Conventional watch on left wrist, Apple watch on the right. Works for me.


----------



## Freudian (Mar 2, 2015)

For my daily swim or hiking it’s the AW. After that, I wear autos. But the AW is so nice and light, I will switch to it when the autos seem like a heavy hunk of steel on my wrist.


----------



## Lee_K (Jan 20, 2016)

Like Watchcrank, I wear my Apple Watch on the right wrist while wearing a traditional watch on the left.
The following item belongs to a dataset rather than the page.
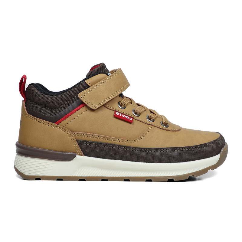 Παιδικό μποτάκι Levi’s σε κίτρινο χρώμα με το λογότυπο της εταιρίας στο πλάι. Διαθέτει υφασμάτινη επένδυση εσωτερικά και υφασμάτινα κορδόνια.

Yep, it's pretty dorky but no.body.cares.


----------



## Freudian (Mar 2, 2015)

Apple watch for the morning swim, then switch out during the day to my SKX, or BB58. But lately, my switch out is just swapping straps on the AW, and it works great 👍


----------



## ILeicaWatches (9 mo ago)

When I first got my Series 3 Apple Watch it got more wrist time than any of my other watches… Fast forward.. still have that trusted guy, but now only wear it when I’m going for a run, ride or when I want to be incognito.


Sent from my iPhone using Tapatalk


----------



## nosamk (Apr 28, 2014)

I've been wearing my apple watch more and more


----------



## Metals (Nov 23, 2011)

nosamk said:


> I've been wearing my apple watch more and more


It's a really great watch + digital assistant. I barely wear anything else anymore, because Apple Watch cannot be beat when paired with an iPhone.


----------



## copperjohn (Feb 5, 2010)

I am new to the Apple Watch game. My wife just got me one on Amazon because they were over $100 off. Right now I am just using it for my workouts. I had a G-Shock but the Bluetooth connection to the app is not working well, if at all. I like seeing the mapping of the route I walk as I tend to do over four miles after my weight workout. 
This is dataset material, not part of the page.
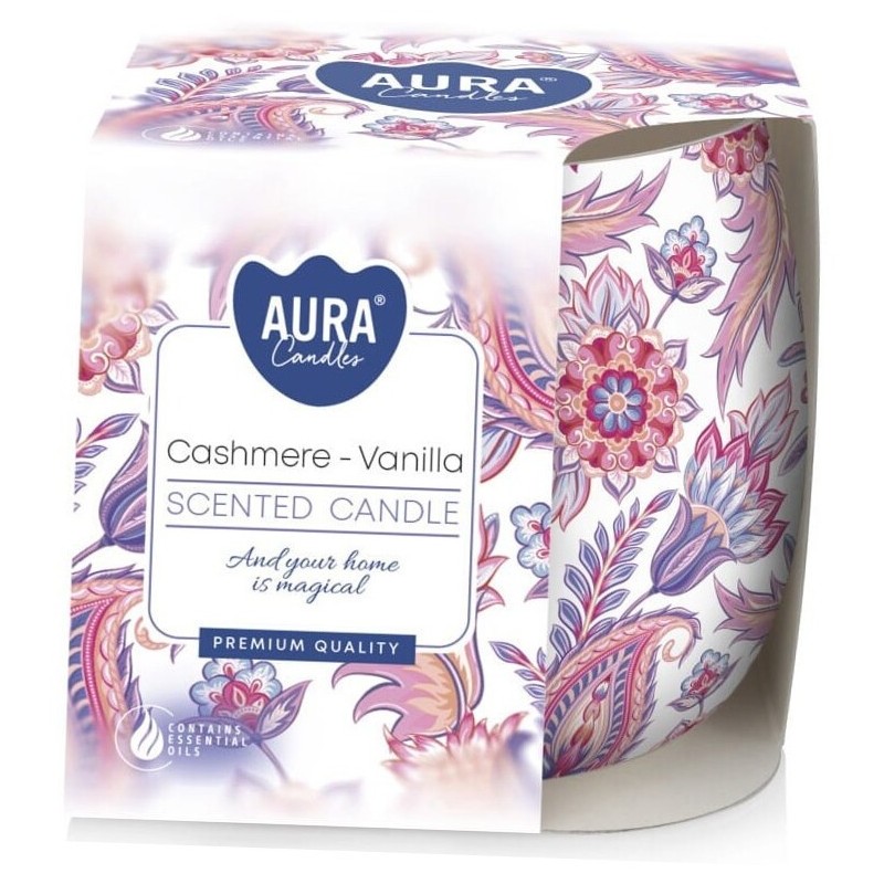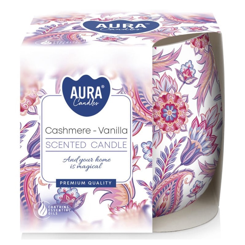 Świeca zapachowa w szkle, ozdobiona folią z motywem kaszmiru i wanilii oraz czasem palenia do 20 godzin BISPOL.

To the question, my rotation is only in the workout.


----------



## bourmb (Jun 7, 2006)

I don’t wear any of my other watches anymore. Especially after my AW notified me of Afib when I thought I was having a heart attack and almost passed out.


----------



## matthewh133 (6 mo ago)

Metals said:


> It's a really great watch + digital assistant. I barely wear anything else anymore, because Apple Watch cannot be beat when paired with an iPhone.


Agreed


----------



## caribiner23 (Apr 20, 2021)

Apple Watch maybe once a week.

I'd find it a lot more useful if I had bought one with a cellular plan-- otherwise, it's a fancy remote display for my iPhone.


----------



## Dwaine (8 mo ago)

bourmb said:


> I don’t wear any of my other watches anymore. Especially after my AW notified me of Afib when I thought I was having a heart attack and almost passed out.


That's the primary reason I bought the Apple 7 cellular this past week... I can see the Apple getting more wear time but will continue to enjoy my Sub LV too.... Apple is also great for walks and when I want to wear a less noticeable watch.


----------